Year 3 ambassador: Ken Diep
This 15 CATS module is one of the third year modules for:
To introduce students to the principles and practice of designing digital electronic circuits, with a focus on field programmable gate array implementation, including the tool flow, architecture, testing, and design for performance.
By the end of the module students should
- Through the practical use of the Verilog hardware description language (HDL), consolidate understanding of the theory of combinational and sequential circuits and how these combine in the design of digital computing circuits.
Evaluate the digital design flow as currently practised professionally in industry, with reference to field programmable gate arrays, and at a more general level, to custom application specific integrated circuits.
Analyse how mathematics is performed in custom circuits, and how simple units can be combined to implement complex compute datapaths.
- Devise a testing strategy and design a testbench to evaluate the functional correctness of a circuit using the testing features of the Verilog HDL and a professional standard simulator.
- Reason about the performance of synchronous digital circuits, based on the timing of basic components, and how pipelining affects performance, and how this differs from measuring the performance of software running on processors.
Recap of combinational and sequential circuits: gates, multiplexers, encoders, decoders, latches, D flip-flop, registers, shift registers.
Design with hardware description languages: (Verilog) module definitions, gate-level circuits, assign statements, behavioural combinational descriptions, behavioural synchronous descriptions.
Design flow and FPGA architecture: basic circuit synthesis, FPGA logic blocks, hard blocks, I/O, mapping to FPGA blocks, placement and routing, configuring FPGAs.
Testing digital circuits: basic Verilog testbenches, self-checking testbenches, file I/O for input/output vectors, testing strategies.
Arithmetic circuits: limits of ripple adders, carry-lookahead adders, multipliers, fixed-point data representation and resulting errors, floating point circuit complexity.
Timing and pipelining: basic combinational timing characteristics, timing of synchronous components, computing circuit timing performance, pipelining for improved performance, hazards, race conditions, and metastability.

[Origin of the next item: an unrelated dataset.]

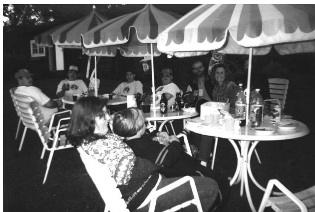
Grillparty! Utomhus i den ljumma sommarkvällen
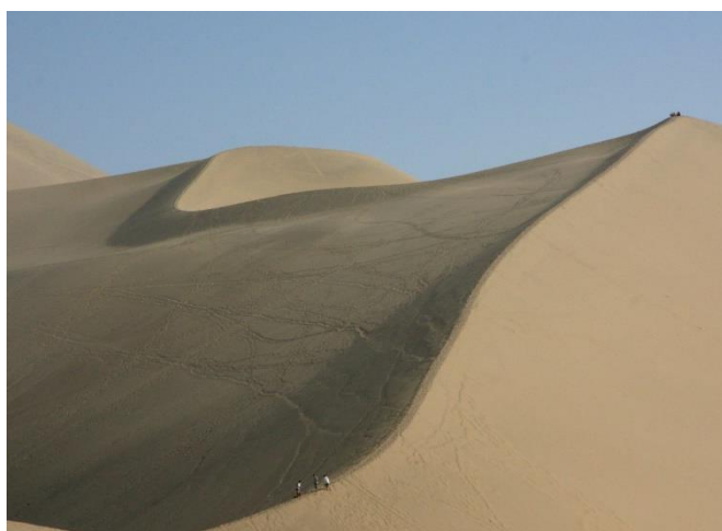
Désert de Gobi - dunes de sable des environs de Dunhuang

Processors and I/O: basic structure of a processor and how this relates to performance, integrating peripherals over UART, SPI, I2C, and faster serial standards, computing data rates for these standards.
This module includes 20 hours of lectures, 2 hours of revision classes and 12 hours of laboratory sessions.
Required self-study: 116 hours
A 15 Credit module: 70% assessed via a 3 hour examination paper and 30% assessed via a design assignment (2000 words).